Большую часть отпускного времени Лёнчик проводил у Татьяны, уже не стремясь вытащить сына на рыбалку или по грибы. Татьяна после смерти Андреича потускнела, и за следующие лет пять светлые её волосы совсем выбелила седина. Морщинки вокруг глаз, возле губ, на шее. Руки в пятнышках веснушек на некогда упругой коже словно истончились и, когда она складывала их на коленях, усевшись перед телевизором, казались вылепленными из алебастра.
Однажды, помогая Татьяне нести корзину с бельём до натянутых на воротцах за домом верёвок, спросил, не была бы она против, если бы он вернулся на Остров. Татьяна поставила корзину на перевёрнутую днищем вверх железную бочку, вытерла руки о фартук, поправила прядку волос, выбившуюся из-под платка. Долго-долго посмотрела в лицо Лёнчику, потом провела ладонью по его щеке.
— Возвращайся, Лёнечка. И не на Остров — к нам возвращайся. Мы же семья.

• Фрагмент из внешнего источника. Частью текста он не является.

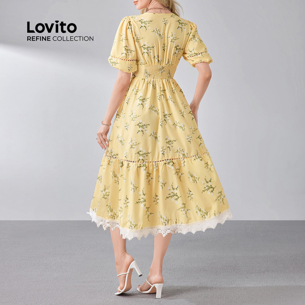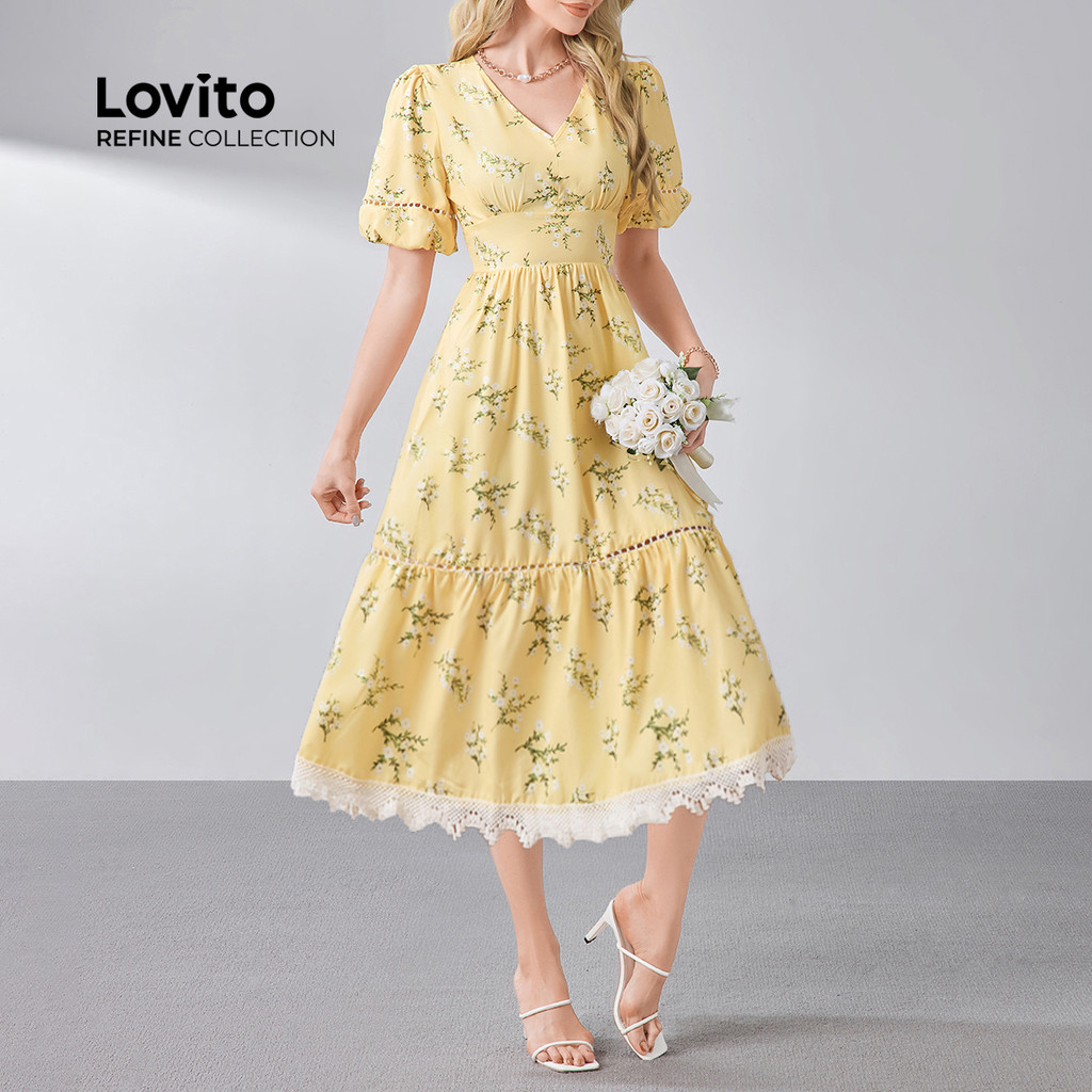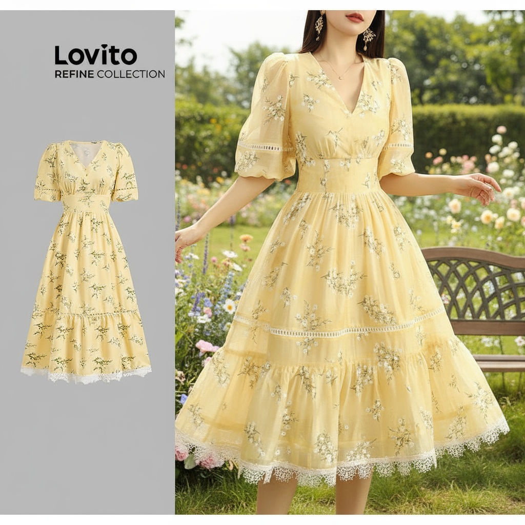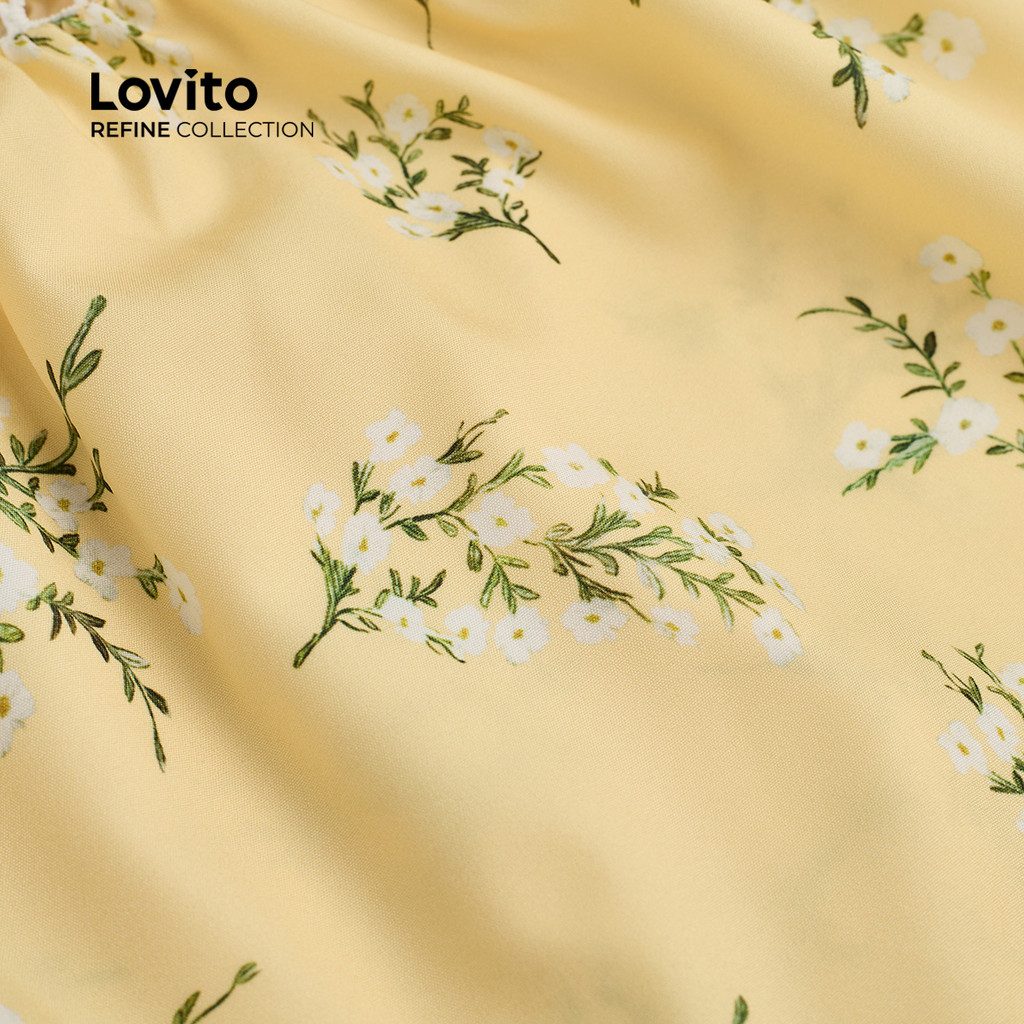 (Lovito Refine) Vestido sofisticado com zíper, gola plissada, dupla camada, para primavera/verão, amarelo, LR13L170
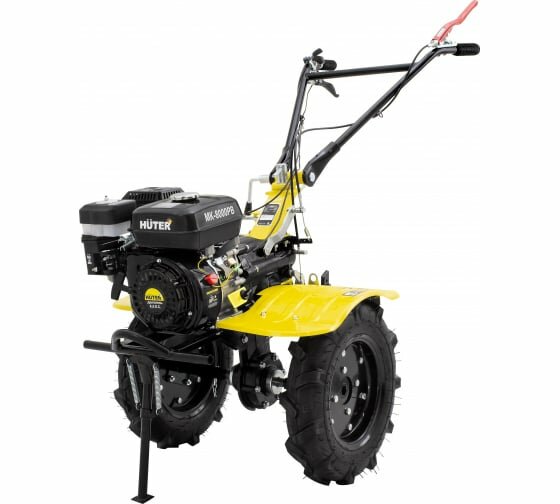 Двигатель имеет блокирующий датчик аварийного уровня масла в картере. Поршневая группа ДВС с хромовым покрытием. Эффективный маслонаполненный воздушный фильтр карбюратора. Система автоматической регулировки оборотов двигателя, в зависимости от нагрузки на навесное оборудование. Для защиты оператора на HUTER MK-8000PВ установлены широкие крылья, исключающие выброс из-под фрез посторонних предметов и грязи.
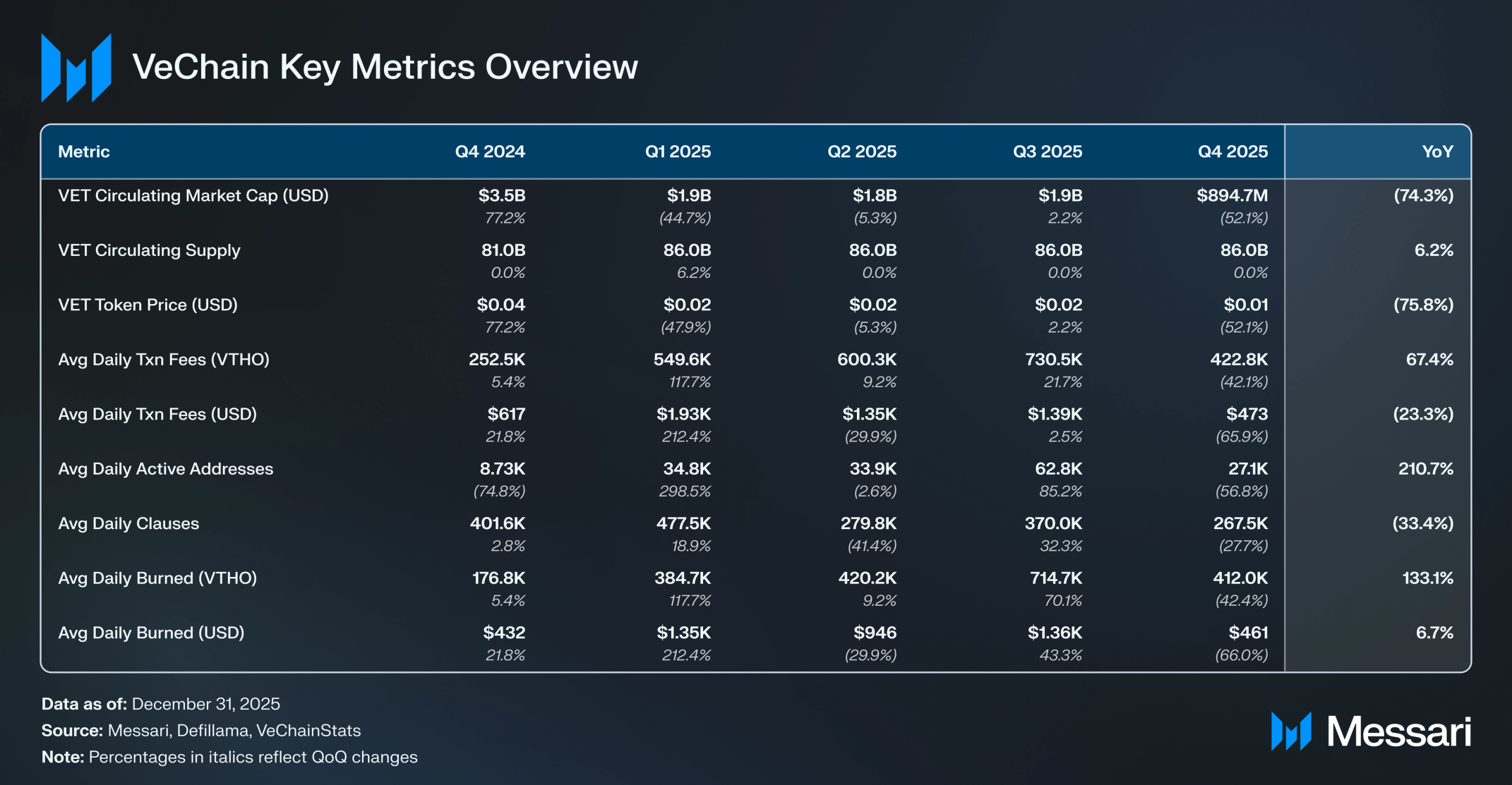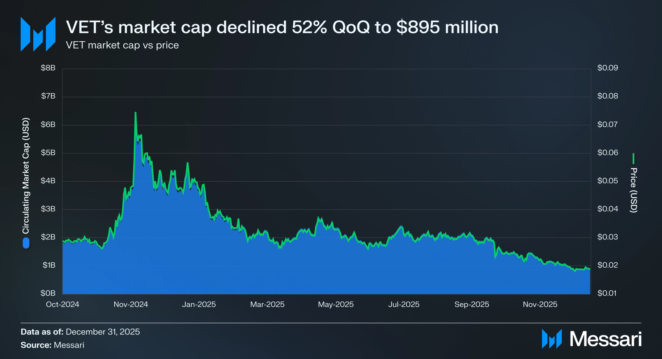 VET의 시가총액은 2025년 4분기에 전분기 대비 52.1% 하락하여 19억 달러에서 8억 9,470만 달러로 감소했다. 토큰 가격도 이러한 하락을 반영하여 분기를 0.010달러로 마감했으며, 이는 3분기의 0.022달러에서 52.1% 하락한 수치다. 그 결과 VET는 모든 암호화폐와 비교하여 시가총액 기준으로 63번째로 큰 자산으로 분기를 마감했다.

На следующий год, в мае, Лёнчик устроил на работе банкет по поводу своего шестидесятипятилетия, после которого неожиданно для всех, уволился из пароходства. Он сдал комнаты родственникам приятеля-книжника, собрал вещи и уехал к жене и сыну. Ночью в поезде он плакал.
13. Я и Лёха
Обитая дерматином скамейка. Лежать на ней неудобно: узкая и короткая. Уже и стул подставил, а всё не заснуть. Руку под голову положил, рука затекает. И свет этот. Всегда ненавидел ртутные лампы: мерцают-позванивают. Выключить нельзя, я просил, отказали. Приёмный покой — не положено, должен быть свет. Кого принимают-то? За всю ночь один раз только «скорая» на вызов сгоняла, бабку какую-то привезли. Сидела тут на стуле, охала, пока её в журнал записывали. Докторица дежурная спустилась, давление измерила, что-то в карточке записала и опять ушла. А бабка ворчит, что бросили её. Начала мне рассказывать про сестру свою, которая, «сучка крашеная», с мужем своим нынешним через суд половину дома у неё оттяпать хочет.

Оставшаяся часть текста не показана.